I supose if I was a denier and immune to facts and data I might say it was all made up.
We know better.
Multiyear
Arctic ice is effectively gone: expert
30
October, 2009
OTTAWA
(Reuters) - The multiyear ice covering the Arctic Ocean has
effectively vanished, a startling development that will make it
easier to open up polar shipping routes, an Arctic expert said on
Thursday.
Vast
sheets of impenetrable multiyear ice, which can reach up to 80 meters
(260 feet) thick, have for centuries blocked the path of ships
seeking a quick short cut through the fabled Northwest Passage from
the Atlantic to the Pacific. They also ruled out the idea of sailing
across the top of the world.
But
David Barber, Canada's Research Chair in Arctic System Science at the
University of Manitoba, said the ice was melting at an
extraordinarily fast rate.
"We
are almost out of multiyear sea ice in the northern hemisphere,"
he said in a presentation in Parliament. The little that remains is
jammed up against Canada's Arctic archipelago, far from potential
shipping routes.
Scientists
link higher Arctic temperatures and melting sea ice to the greenhouse
gas emissions blamed for global warming.
Barber
spoke shortly after returning from an expedition that sought -- and
largely failed to find -- a huge multiyear ice pack that should have
been in the Beaufort Sea off the Canadian coastal town of
Tuktoyaktuk.
Instead,
his ice breaker found hundreds of miles of what he called "rotten
ice" -- 50-cm (20-inch) thin layers of fresh ice covering small
chunks of older ice.
"I've
never seen anything like this in my 30 years of working in the high
Arctic ... it was very dramatic," he said.
"From
a practical perspective, if you want to ship across the pole, you're
concerned about multiyear sea ice. You're not concerned about this
rotten stuff we were doing 13 knots through. It's easy to navigate
through."
Scientists
have fretted for decades about the pace at which the Arctic ice
sheets are shrinking. U.S. data shows the 2009 ice cover was the
third-lowest on record, after 2007 and 2008.
An
increasing number of experts feel the North Pole will be ice free in
summer by 2030 at the latest, for the first time in a million years.
"I
would argue that, from a practical perspective, we almost have a
seasonally ice-free Arctic now, because multiyear sea ice is the
barrier to the use and development of the Arctic," said Barber.
Fresh
first-year ice always forms in the Arctic in the winter, when
temperatures plunge far below freezing and the North Pole is not
exposed to the sun.
Shipping
companies are already looking to benefit from warming waters. This
year two German cargo ships successfully navigated from South Korea
along Russia's northern Siberia coast without the help of
icebreakers.
The
Arctic is warming up three times more quickly than the rest of the
Earth, in part because of the reflectivity, or the albedo feedback
effect, of ice.
As
more and more ice melts, larger expanses of darker sea water are
exposed. These absorb more sunlight than the ice and cause the water
to heat up more quickly, thereby melting more ice.
Barber
said the ice was now being melted both by rays from the sun as well
as from below by the warmer water.
Scientists
are also seeing more cyclones, which pick up force as they absorb
heat from the warmer water. The cyclones help generate waves that
break up ice sheets and also dump large amounts of snow, which has an
insulating effect and prevents the ice sheets from thickening.
After
a long search, Barber's ice breaker finally found a 16-km (10-mile)

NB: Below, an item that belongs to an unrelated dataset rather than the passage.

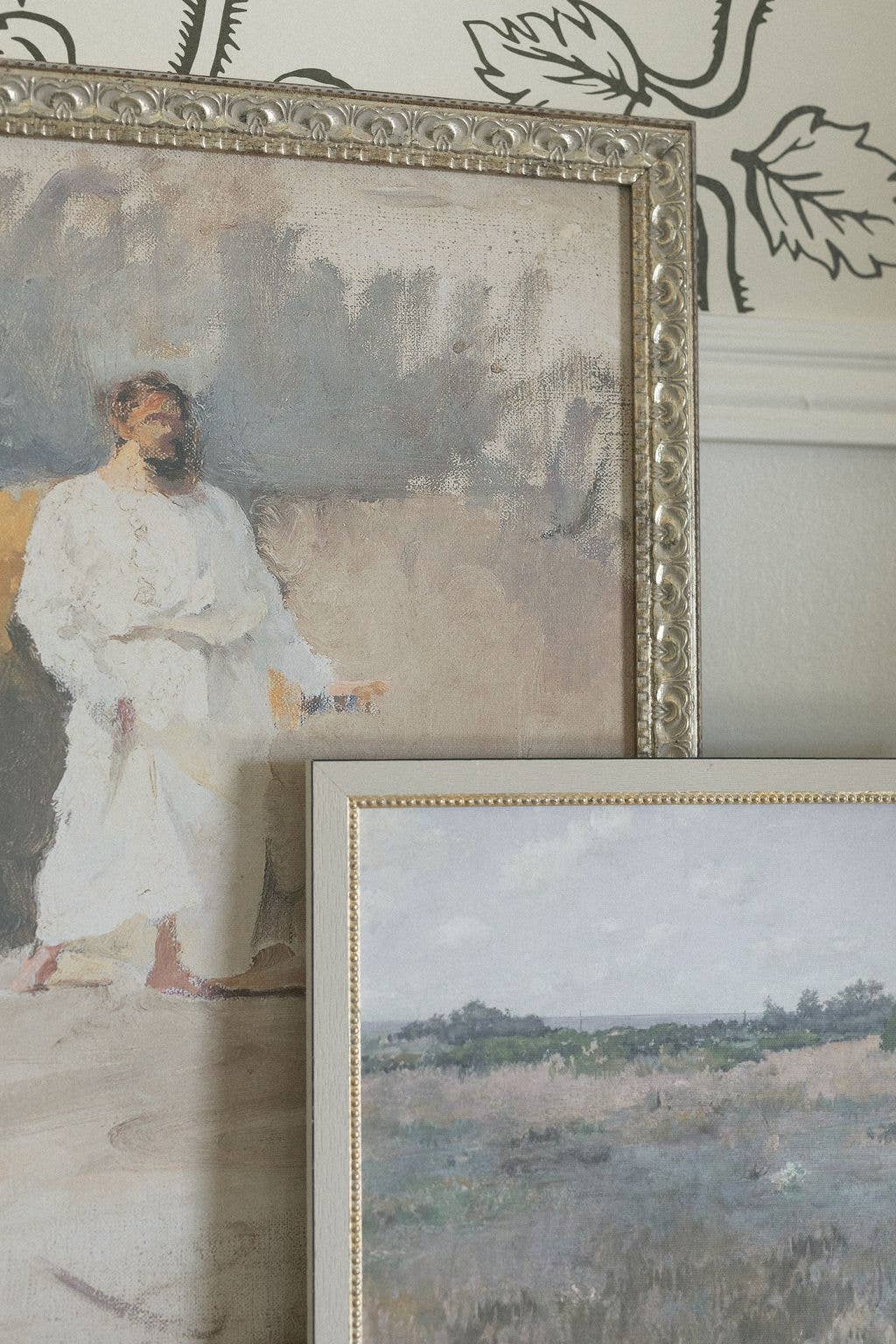 Vintage art printed on textured canvas then placed in a handcrafted antique frame for a timeless look. This is an authentic reproduction of the original artwork. Includes paper backing and hanging hardware. Glass-Free Design: Keeps the artwork lightweight and true to its original texture. Made in the USA: Proudly crafted with quality and care. Care Instructions: Keep canvas dry to maintain its quality. If smudged or dirty, gently wipe with a dry, soft cloth.

wide floe of multiyear ice that was around 6 to 8 meters (20-26 feet)
thick. But as the crew watched, the floe was hit by a series of
waves, and disintegrated in five minutes.
"The
Arctic is an early indicator of what we can expect at the global
scale as we move through the next few decades ... So we should be
paying attention to this very carefully," Barber said.